# Sharpening Robert Herder



## Bucky (Jun 14, 2017)

So, got my Robert Herder santoku and parer in.
Bit weird as the santoku doesn't weigh anything 
But how do you sharpen these?
The micro bevel is almost not visible, even with the marker trick. 
Would it be a good plan for me to put a symetrical 15 degree bevel on both sides as a beginner with proper knives and sharpening?


----------



## Matus (Jun 14, 2017)

These knives are made from fairly simple steels - some microbevel will certainly help to improve edge holding. Did you get carbon or stainless ones?


----------



## LifeByA1000Cuts (Jun 14, 2017)

Do not put a big 15 degree bevel on it - microbevel yes, but a 15 degree bevel a few mm wide will just make your knife thicker.


----------



## Sharpchef (Jun 14, 2017)

LifeByA1000Cuts said:


> Do not put a big 15 degree bevel on it - microbevel yes, but a 15 degree bevel a few mm wide will just make your knife thicker.



I think this is a missunderstanding..... 

No Problems with 15 degree per side! The knifes are out of C75, so not the best edge retention but super easy to sharpen and as they are so thin, you can go from 1k to honing Steel. And this will last nearly for ever in homeuse......

greets sebastian


----------



## Bucky (Jun 14, 2017)

Thx. Got the carbon no stainless ones


----------



## LifeByA1000Cuts (Jun 14, 2017)

@Sharpchef The blade is probably more acute than any bevel he wants to put on, right to the microbevel ?


----------



## Benuser (Jun 14, 2017)

Start at the lowest angle you're comfortable with. This will be above the bevel, so you reduce the shoulder. Lift the spine little by little to come nearer to the very edge. Verify your progress by looking at the scratch pattern. Go on until you've raised a burr. That's when you start at the other side, again above the bevel. I would start with a coarse stone as the Herder's edges may be a bit sloppy. 
This steel may get refined as much as you like. Can be maintained with a 8k or a Belgian Blue, or a good 2k, or something in between.


----------



## Krassi (Jun 16, 2017)

Hmm i also recommend sharpchefs opinion.. I sharpen my knifes freehand on both sides to a 0 Degree angle. of course on side flat the other concave.. then comes the magic with the 16-17 degrees microbevel that i set with my sharpening system on both sides starting with a ohira Suita and then something finer.. the sharpness is still exceptional but the blade keeps the edge 4-x times longer than usual..
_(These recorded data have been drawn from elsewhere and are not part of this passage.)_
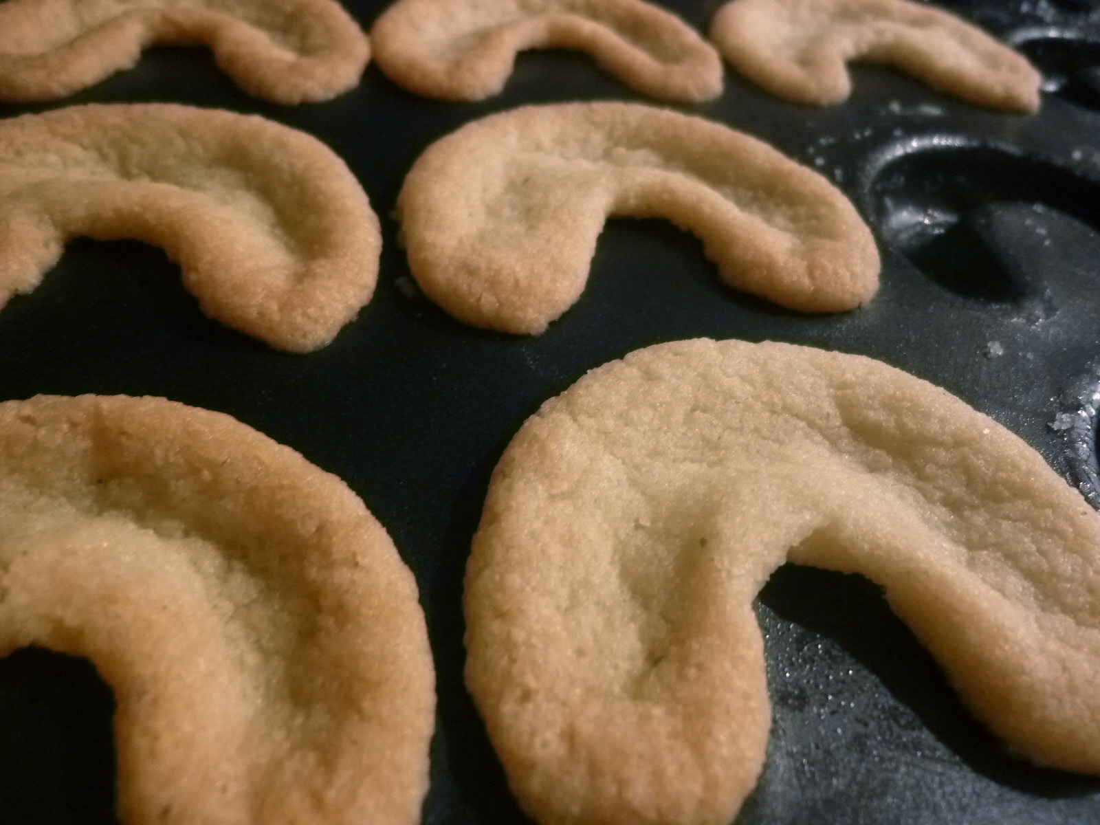 • Place pieces on baking sheet curving them into a kipferl shape.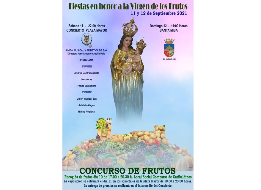 La Unión Musical y Artística de Sax ofrecerá su tradicional concierto en honor a la Virgen de los Frutos el próximo sábado 11 de septiembre a las 20:00 horas en la Plaza Mayor de Sax, organizado por el Ilmo. Ayuntamiento de Sax.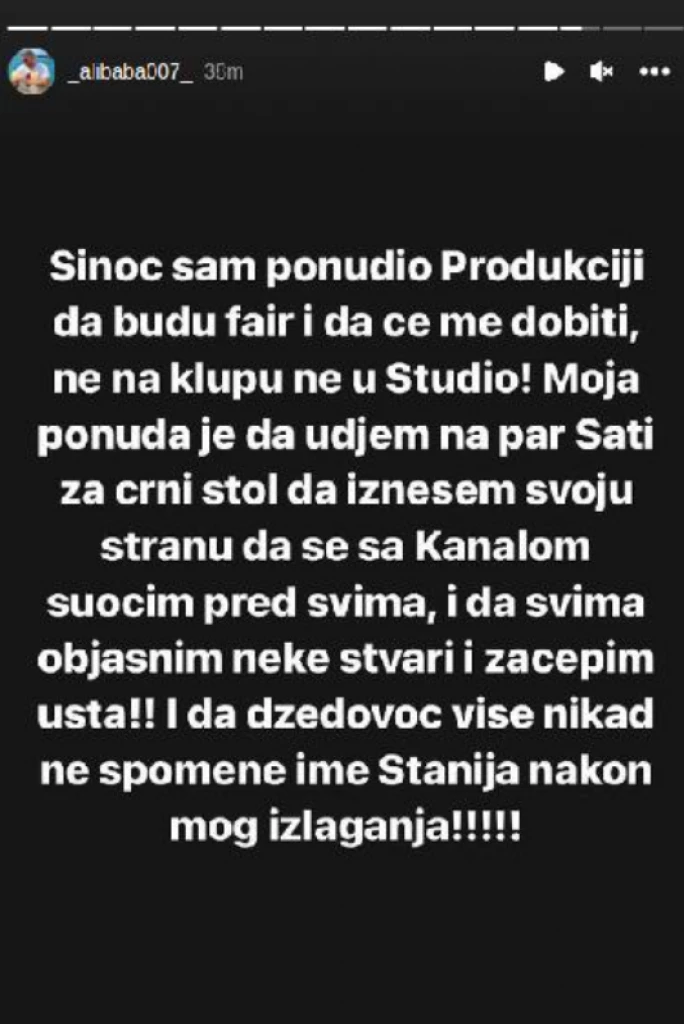 – Sinoć sam ponudio produkciji da će me dobiti, ne na klupi, ne u studiju… Moja ponuda je da uđem na par sati, da za crnim stolom iznesem svoju stranu priče, da se sa Kanalom (Aneli) suočim pred svima i da objasnim neke stvari i začepim usta – započeo je Asmin, pa nastavio: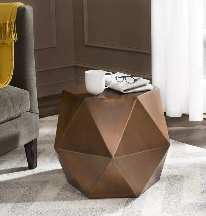 Sculptural and sophisticated, the Astrid table is crafted from iron with a lustrous copper finish that catches the light beautifully. Its faceted design feels modern yet timeless, making it as much a piece of art as it is an accent table. Compact and versatile, it complements both contemporary lofts and classic living rooms with ease—no assembly required.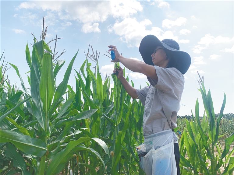 當天11時,呂玉平來到距離研發實驗室10公里外的生物育種科研基地,和其他科研人員一起為玉米進行人工授粉。烈日當空,不一會兒,他的衣服便濕透了,臉上掛滿汗珠?!拔覀冄邪l的產品得到了越來越多企業的關注,去年雜交的玉米品種有300多個,今年數量達到了900多個!”望著60畝玉米迎風成長,呂玉平古銅色的臉上露出了微笑。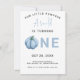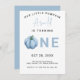 Cute birthday invitation card featuring watercolor illustration of blue PUMPKIN. The text says "OUR LITTLE PUMPKIN".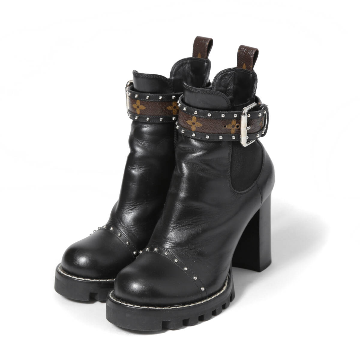 > 美品 LOUIS VUITTON ルイヴィトン / スタートレイルライン / レザー モノグラム スタッズ ベルト / サイドゴアブーツ 24cm レディース

If its sounds stupid but it works its not stupid! 

C75 is super easy to get to a insane sharpness.. i also got a custom petty in C75 and its a nice razor.


----------



## Benuser (Jun 16, 2017)

I'm quite sure you get excellent results with your approach. My purpose though was showing a novice how to restore a previous configuration without having to worry about angles or asymmetry.


----------



## Krassi (Jun 17, 2017)

I guess you are totally right and the most important thing is that you get the result that you expect! The easier the better .. If you improve you can use more advanced Stuff like i mentioned.. but at the beginning you want easy and consistent results.


----------



## Bucky (Jun 21, 2017)

watched the youtubes of jki and practiced a bit with one of those soft amefa knives. 
Should get all the stuff to decently sharp/hone with the stones not moving and not make a mess, tomorrow. 
Will see what happens on one of those carbon knives. 
Wasn't able to raze a burr on that soft knife but had something like a 15 degree angle on the stones now. Lansky wasn't able to get it shart on that angle either. Is that related? Used the 220 grit. 
Right, gonna try with the 1000 somewhere the coming days.


----------



## Benuser (Jun 21, 2017)

Soft stainless is the worst to start with. Just don't. Will take a lot of time to get properly thinned. And the factory edge is very, very obtuse. 
With the Herder it's a different story. Their factory edge is often rather sloppy, but just start above the bevel, and only raise the spine little by little. Go ahead until you raise a burr on the opposite side. I might have suggested the method before, I guess.


----------



## Benuser (Jun 21, 2017)

As you've opened this thread about sharpening a new carbon Herder, and not so much about sharpening the softest stainless stuff, I have a proposal to do. Forget about those stainless. Send me the Herder and it will get a decent edge you will easily maintain.


----------



## Bucky (Jun 21, 2017)

I shall get a decent sharp edge on it, I'm convinced :rofl2:
thx though
I just did the stainless just to get used a bit to the movements, as initial practice.


----------



## Bucky (Jul 14, 2017)

I'm quite happy with my setup.
Bought a atoma 140 to flatten my stones. 
Got my knives super sharp.
I have a question though, when do you move on to the next stone? You raise a burr on both sides and then you move on to the next stone? So that means you do one side, then the other and then you grab your next stone?


----------



## Benuser (Jul 14, 2017)

Raising, chasing and getting rid of the burr. By flipping sides the burr will get reduced. Only when the burr is just flipping sides without getting smaller anymore it's time to go to the next stone. That being said, I wouldn't worry too much about reducing the first burr on the first -- coarse -- stone. Better reduce it on the next one when the first one is a 400 or even coarser. I want to keep the scratch pattern established by the coarsest stone, and avoid to deteriorate it by edge trailing or even longitudinal strokes on the same coarse stone.


----------